Despite the stereotype American cuisine has formed, Kinner says he enjoys eating it.

“I like the food, even if it makes you fat sometimes,” he said. “I like burgers and Pop Tarts, even though I don’t eat them that much. I also like cheeseburgers and the many pops you have here. We don’t have free refills in Germany. In the next town over from where I live, which would be like Lima for you, we have several McDonald’s and only one has free refills.”

While here in the United States, Kinner, 15, is staying with Jane Keirns and her son J.R.

“Jane’s cooking is awesome,” Kinner said. “J.R. is two days younger than I am, which was the first thing I knew about him.”

Keirns and her son have been making Kinner feel at home and keeping him entertained with trips and activities.

“We’ve gone to Cedar Point and Niagara Falls and Tennessee,” Kinner said. “I really like to play X-Box, too, it’s fun. After three months I won for the first time and I was so happy.

Back home in Werther, Germany, Kinner participates in track & field, as well as other sports, and says that school is harder.

“School is more difficult in Germany; you don’t have the same thing every day,” he said. “Like here, you have the same thing first period all week. It variates in Germany. We have a different school system. There are three different schools after preschool and the highest one is called ‘gymnasium,’ like where you make sport. The only way you can go to college is if you graduate from that.”
When Kinner graduates, he hopes to enter the field of law like his mother, just not the same profession.

“I would love to go into the law direction. My mom is a judge and at first that always seemed boring to me,” he said. “It’s getting interesting for me now because I like to think about what happens if you do this and what you are allowed to do. But I don’t want to be a judge; that’s too boring.

Kinner and the other five cultural exchange students go back to Germany on Saturday. Kinner says he would recommend the experience to friends and family back home.

“My sister asked me if she would like it here and I said yes; everybody loves America, or parts of it,” he said. “Some parts are worse than in Germany and in Germany some parts are worse than in America.

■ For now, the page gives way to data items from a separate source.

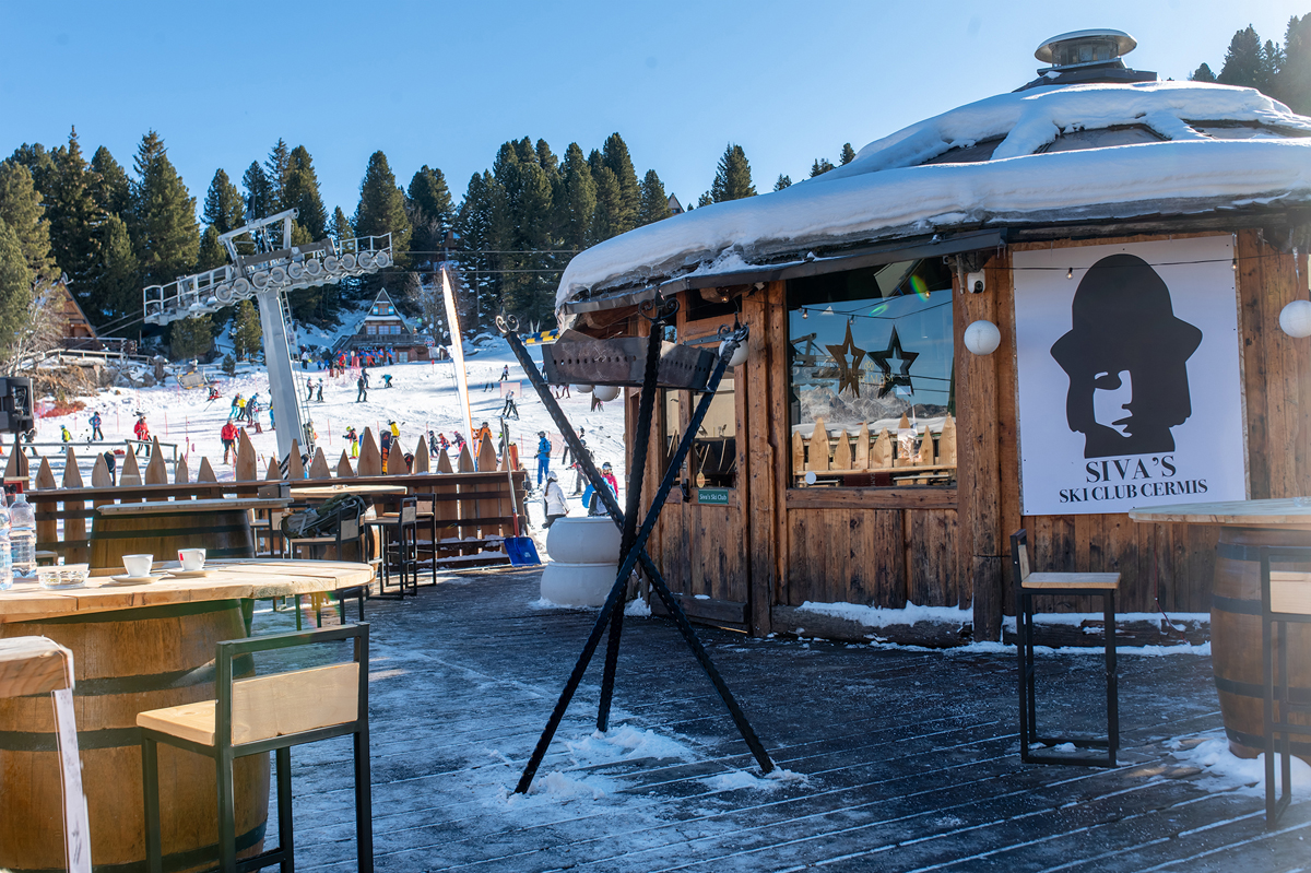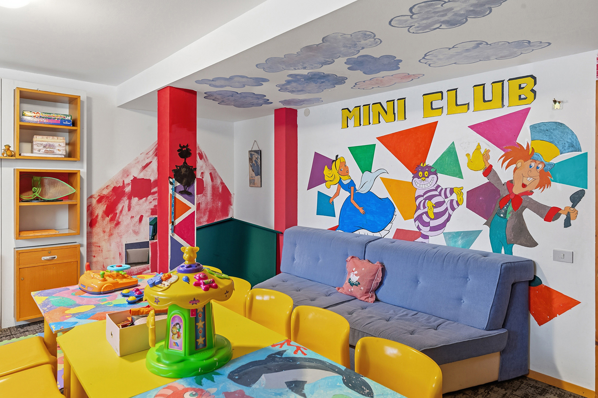 recepcja / mały hol z kominkiem / bar, restauracja / samoobsługowa pizzeria na stoku tylko na lunch, restauracja, bar apres ski na świeżym powietrzu przy stoku z tarasem słonecznym i leżakami, salon z telewizją satelitarną, mały taras słoneczny z leżakami, kącik dla dzieci, sejf hotelowy, przechowalnia nart i butów narciarskich, wypożyczalnia i serwis sprzętu narciarskiego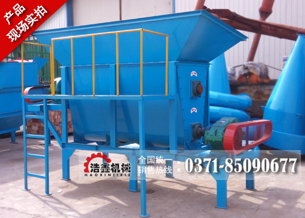 物料經鏟車或輸送設備運輸喂入打散喂料倉,小團塊物料直接進入下部旋切腔,大塊物料經料倉上部耙式裝置打散成一定尺寸的小團塊后進入下部旋切裝置,后在旋切葉片的攪拌、撕裂,擠壓作用下被切割成較薄的片狀后,由出料口排出機外。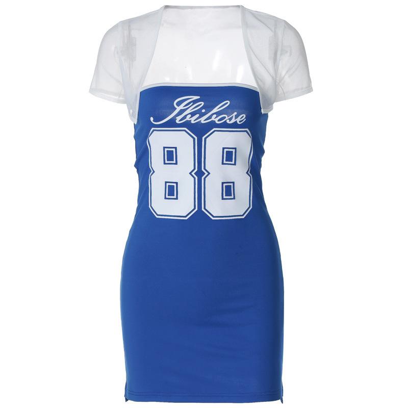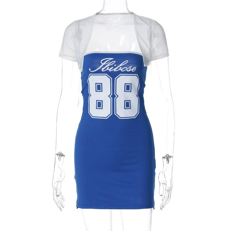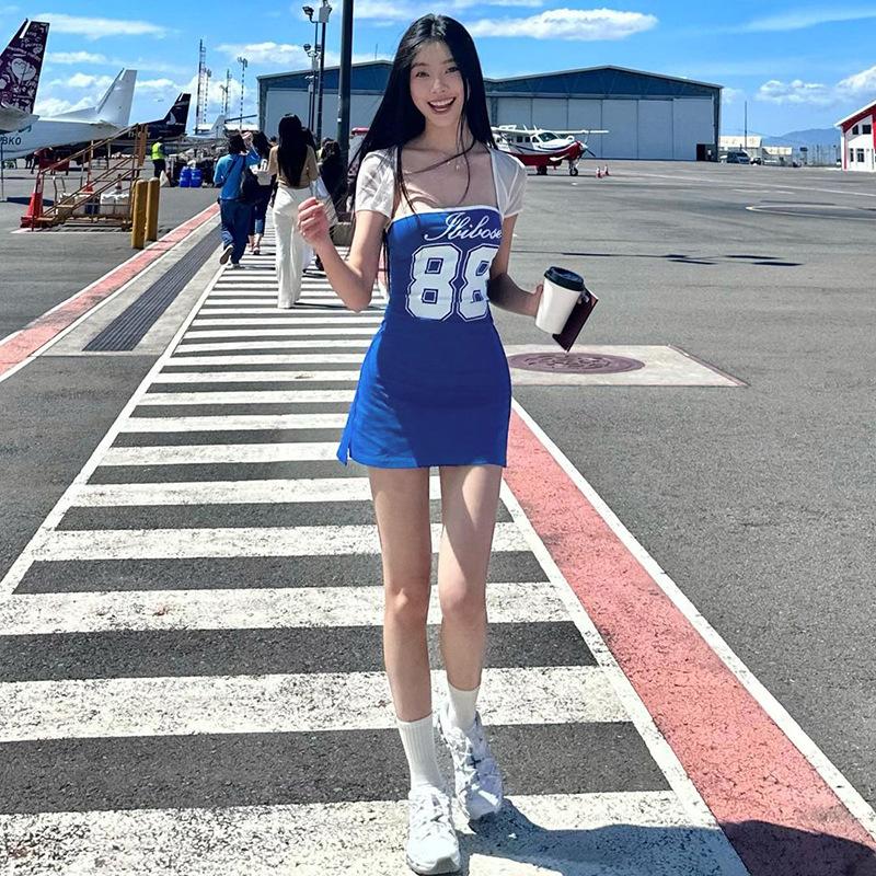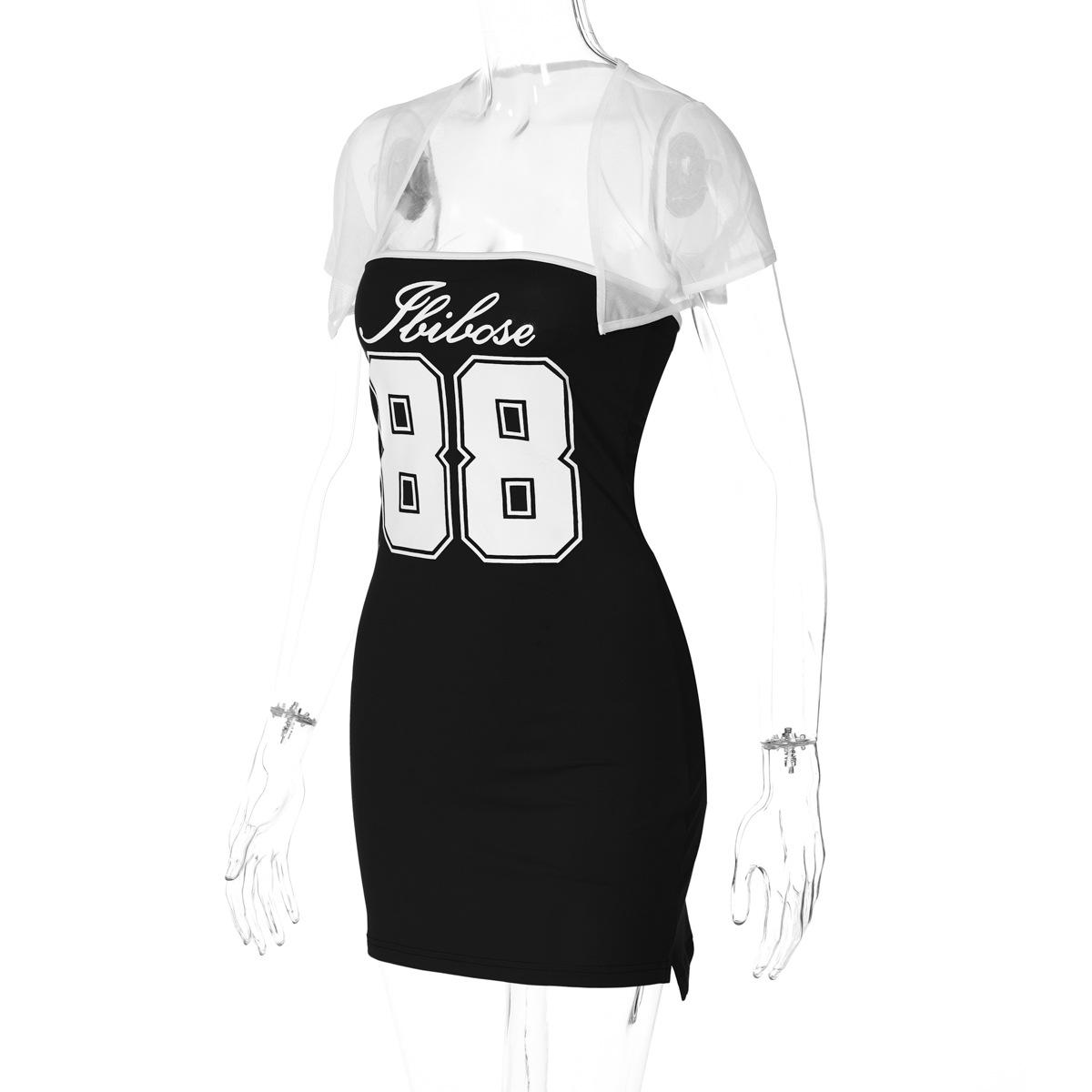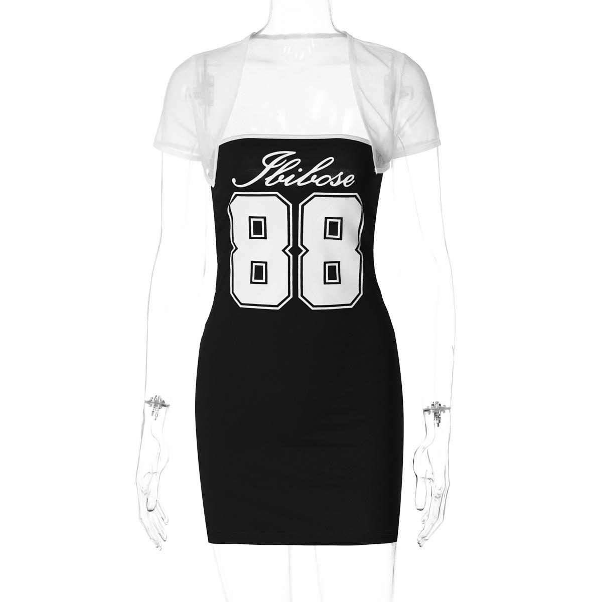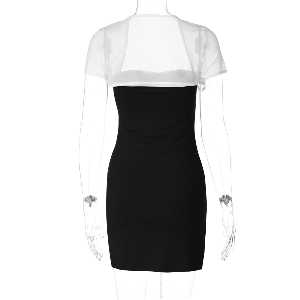 Ropa de mujer europea y americana, primavera 2025, nueva, sexy, estilo puro deseo, top de tubo, vestido de empalme de malla con cuello de una línea |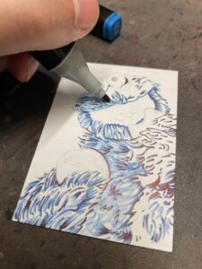 Once I was finished with the blues, I then I used some gold, orange, tans, brown, and black markers.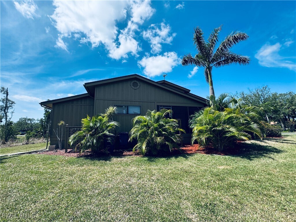 This spacious and beautifully updated 3 bedroom,2 bathroom villa with a 2-car garage is available for rent in a desirable 55+ community in Fort Myers. The home features an open layout with vaulted ceilings,updated lighting,and wood-look flooring throughout. The kitchen is equipped with a sleek stainless steel appliance package,light wood cabinetry,a double basin sink,and modern countertops,all designed to complement the bright and airy feel of the home. Both bathrooms are fully updated with contemporary tile finishes and stylish vanities—one with a walk-in shower and the other with a corner glass shower and vessel sink. The bedrooms are generously sized and include ceiling fans and ample closet space,including a walk-in closet in the primary suite. Enjoy the flexibility of indoor-outdoor living with a private,enclosed lanai featuring vinyl windows and a ceiling fan,overlooking a landscaped green space with mature palms. The garage includes built-in cabinetry and a laundry area,providing plenty of storage and utility. This villa is part of a vibrant 55+ community offering outstanding amenities including a large swimming pool,heated spa,tennis and pickleball courts,shuffleboard,a fitness center,and scenic lakeside walking paths. The recreation center serves as a welcoming hub for community gatherings and social activities.

Every country has its positives and negatives.”
If given the opportunity, Kinner says he would gladly return.

“I would love to come back because it’s like I’ve seen nothing. I want to see Atlanta and Florida and California. Maybe I want to see my host family again, too,” he joked. “I would like to thank Jane and J.R. for hosting me. I’ve had an awesome time with them, doing fun stuff like playing X-Box and sleeping on the roof.”

Kinner’s parents are Hieke and Dietmar and he has one sister, Nicole, 13.